Friday 25 June 2010

Countryside Escape

As I complained about the clichés in Kirsi Piha's book "Medicien naapurissa" about her countryside house in Le Marche (Peter Mayle and Frances Mayes in a less romantic Finnish way), I was mentioned that I have also fallen for some clichés in my blog entries. I have to admit that it is hard to write about Italy without some clichés or stereotypes (and, though it might be hard to believe, I'm not a professional writer). I don't consider myself as very biased when it comes to Italy, rather I'm very critical about the country's politics, gender equality and Florentines' manners towards foreigners. I think I understand (at least most of the time) when I can't be overly positive about the Italians even though I often try to find reasons for their bad behaviour or excessive testosterone. Indeed, yesterday, during the Slovakia-Italy football match, I changed sides in the middle of the game after the Italian player kicked the Slovakian goal keeper in the groins with no reason. No matter how gorgeous Cannavaro looked (and he did!) or how cute Buffon was on the side of the pitch, I could no longer support their disgraceful behaviour and I can only hope that the elimination of their team from the World Cup will change their style of playing.

Montepulciano behind lavender bushes.

It is not that I haven't noticed the smell of piss on the Florentine streets during hot days or I've never faced nasty service here, but I rather deplore the ecological problems than use my time on complaining about the Italians (though I could write a word or two about their driving culture with a slightly irritated and negative tone). And even if it's a cliché, the countryside here must be one of the most beautiful places in the world, the wine is excellent and food... I just can't help talking about the good food...


After a tour in Val d'Orcia, you can't say a bad thing about Italy at least for a few weeks. During our three-day visit in the Southern Tuscany, we saw such breathtaking views and had such a great service (still off-season, locals were not yet totally exhausted by the tourists) that you owe not to complain for a while.
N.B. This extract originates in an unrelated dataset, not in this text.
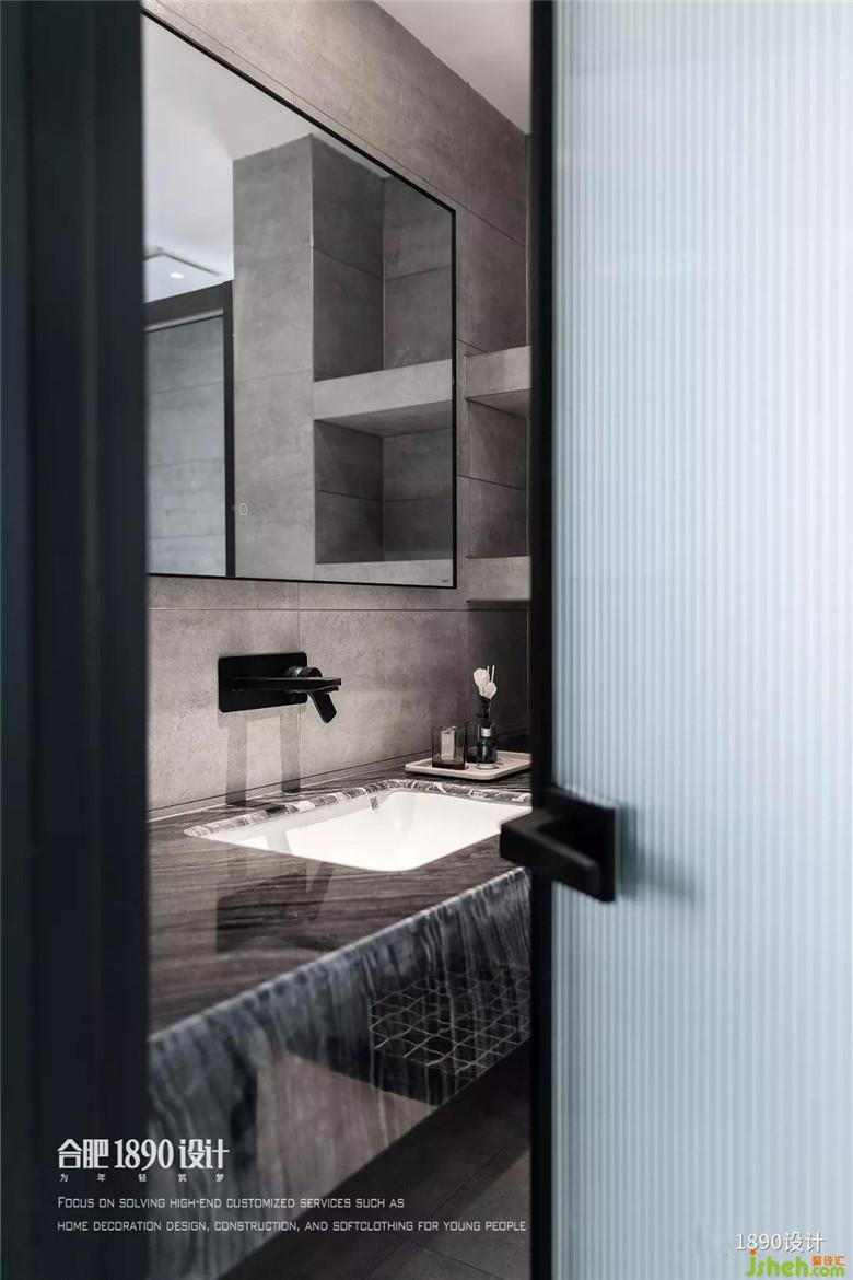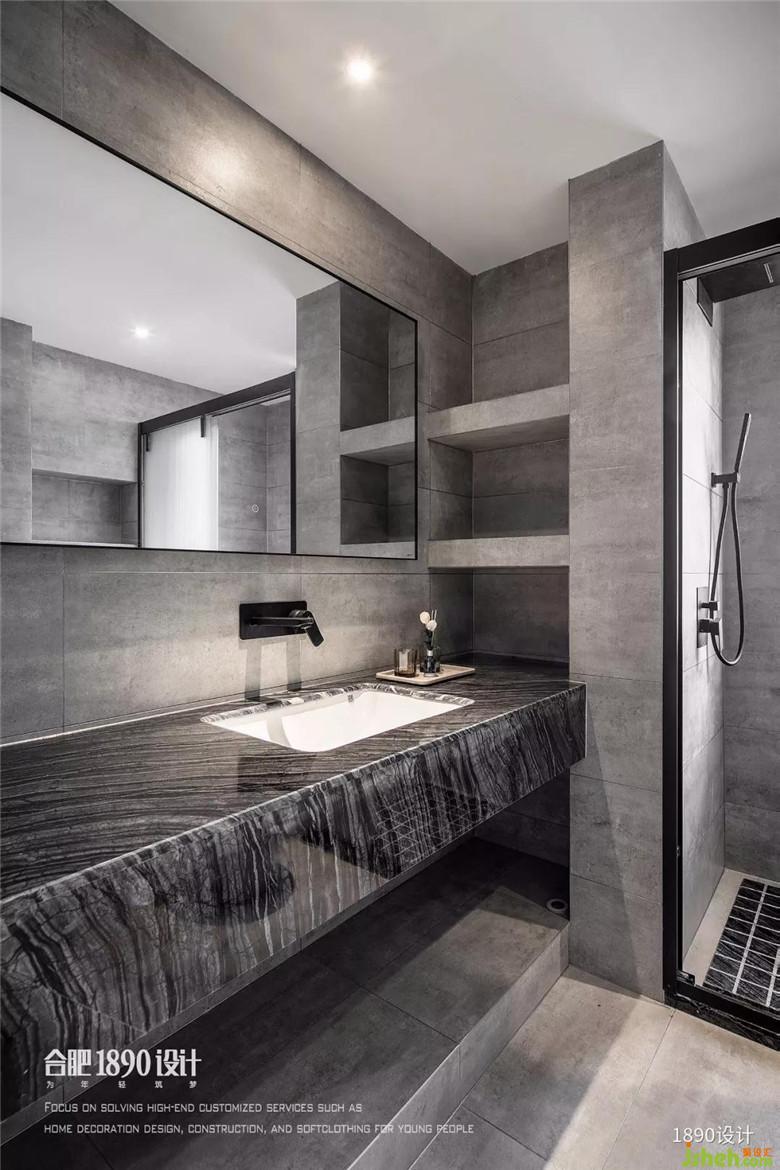 延續(xù)整體風(fēng)格的色系,采用啞光面的灰色系瓷磚,搭配現(xiàn)代極簡的黑色長虹磨砂門,顯得個性時尚。

So, in order to prove my objectivity, here's some evidence of the countryside beauty there:

Village of Montepulciano is a perfect Renaissance hill town where we of course indulged in Vino Nobile di Montepulciano, one of the nicest wines of Tuscany.

Town of Pienza, 20 km West of Montepulciano is another picturesque town founded by Pope Pius II and now UNESCO World Heritage Site.

Driving around in Val d'Orcia region through the small roads is a pleasure, at least if your driver isn't getting annoyed by the repeated "Stop!" shouts for photoshooting. Also, your rented Fiat Panda might have difficulties in making its way up the hills.

Brunello di Montalcino is acknowledged as one of the best wines in Italy. In the town of Montalcino you don't need to pay excessively to taste some.

Sant'Antimo's beautiful abbey.

Even more in the South, lies the town of Pitigliano on a dramatic site on top of a hill. It's worth going for the night view and its white wine Bianco di Pitigliano.